Jerzy Hardie-Douglas gościł w programie "Debata dnia"

  • Tv
  • Aktualności
Miasto z Wizją / 10.03.2021 / Komentarze
Na antenie stacji Polsat News parlamentarzyści rozmawiali o odraczaniu zabiegów chirurgicznych przez NFZ

We wtorek, 9 marca na antenie stacji telewizyjnej Polsat News wyemitowany został kolejny odcinek programu „Debata dnia” prowadzony przez Agnieszkę Gozdyrę. Tym razem jej gościem był poseł ziemi szczecineckiej Jerzy Hardie-Douglas. W rozmowie wzięli udział także parlamentarzyści Jacek Wilk, Wojciech Konieczny i Bolesław Piecha.

Jak czytamy w zapowiedzi programu w poniedziałek NFZ, na polecenie ministra zdrowia, zarekomendował, by "ograniczyć do niezbędnego minimum lub czasowo zawiesić udzielanie świadczeń wykonywanych planowo". Resort zdrowia wyjaśnia, że ma to związek m.in. z ograniczoną dostępnością lekarzy podczas III fali epidemii koronawirusa. O to stanowisko Funduszu zapytała swoich gości Agnieszka Gozdyra w „Debacie Dnia”.

- Wszyscy menadżerowie opieki zdrowotnej doskonale wiedzą, że tak zwana rekomendacja jest prawie równoznaczna z rozkazem, dlatego że to potem NFZ będzie rozliczał z tego, bo to on finansuje różnego rodzaju procedury – mówił poseł Jerzy Hardie-Douglas.

- To zalecenie jest absurdalne, jest szkodliwe i niczym nie usprawiedliwione. Obecna sytuacja pandemiczna w żaden sposób nie usprawiedliwia tego, żeby zawieszać planowe leczenie. Mają być zawieszone operacje bajpasów. To ja się pytam komu się robi te planowe bajpasy? Robi się je ludziom, którym zagraża zawał. Lekarz ma wziąć na siebie odpowiedzialność i czekać, aż ten zawał się dokona?

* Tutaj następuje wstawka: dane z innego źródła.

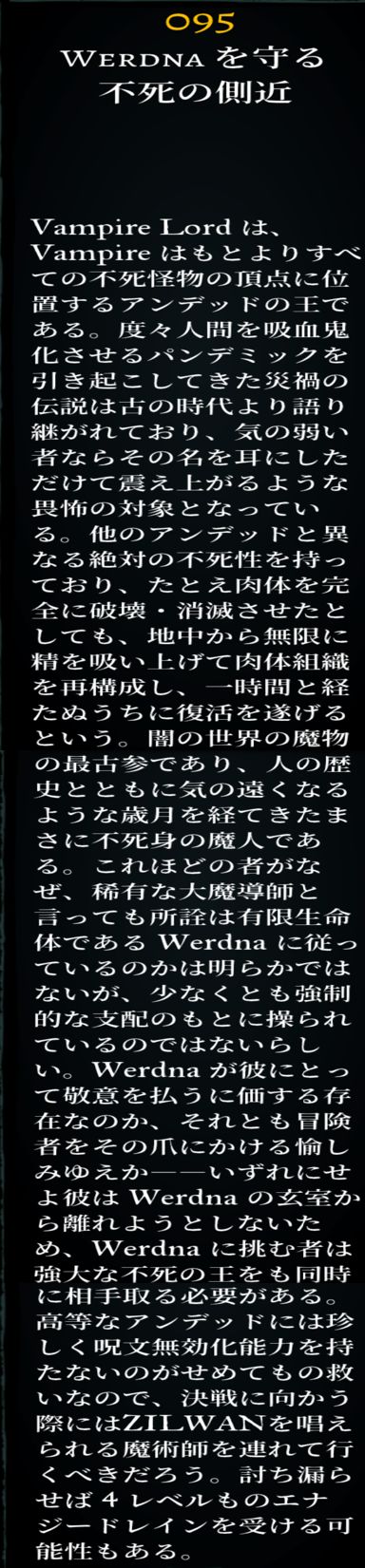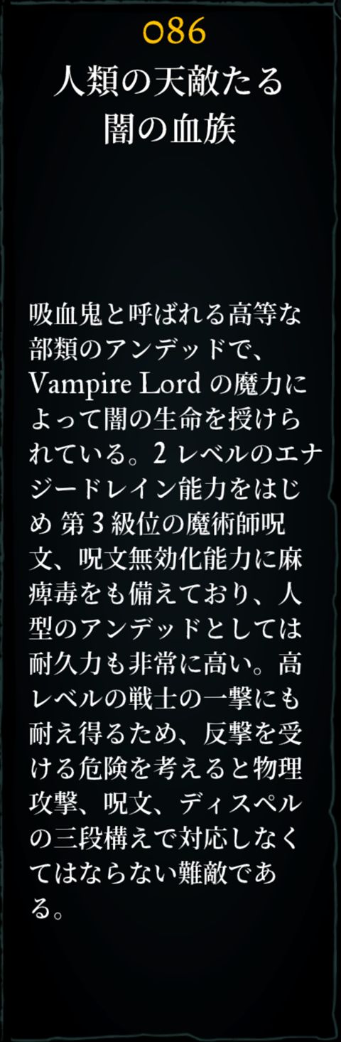 名称:ヴァンパイア グループサイズ :1-4 1匹あたりのXP(6人パーティ): 555 クラス:アンデッド Ac: -1 HP: 11-88 レジスト:睡眠/魔法完全耐性20% エクストラアクション: ティア3アーケインスペル 特殊技:麻痺、2レベルドレイン、+1リジェネ -特性- 攻撃回数3回 ワードナ事務所にも固定出現。数が1-4匹で2パーティで出現する場合があり。 2レベルドレインが脅威。 |

Zachęcamy do obejrzenia całego programu, który nasi Czytelnicy znajdą powyżej. /zr/

Jerzy Hardie-Douglas:

Wczoraj miałem przyjemność gościć w programie Agnieszki Gozdyry wraz z pozostałymi zaproszonymi osobami byliśmy pytani o opublikowane zalecenia NFZ dotyczące ograniczenia planowych operacji i zabiegów. Zalecenie wydane zostało na polecenie ministra zdrowia, który zarekomendował by "ograniczyć do niezbędnego minimum lub czasowo zawiesić udzielanie świadczeń wykonywanych planowo".
To zalecenie jest absurdalne, jest szkodliwe i niczym nie usprawiedliwione. Obecna sytuacja pandemiczna w żaden sposób nie usprawiedliwia tego, żeby zawieszać planowe leczenie. Mają być zawieszone operacje bajpasów. To ja się pytam komu się robi te planowe bajpasy? Robi się je ludziom, którym zagraża zawał. Lekarz ma wziąć na siebie odpowiedzialność i czekać, aż ten zawał się dokona?
Wszyscy menadżerowie opieki zdrowotnej doskonale wiedzą, że tak zwana rekomendacja jest prawie równoznaczna z rozkazem, dlatego że to potem NFZ będzie rozliczał z tego, bo to on finansuje różnego rodzaju procedury.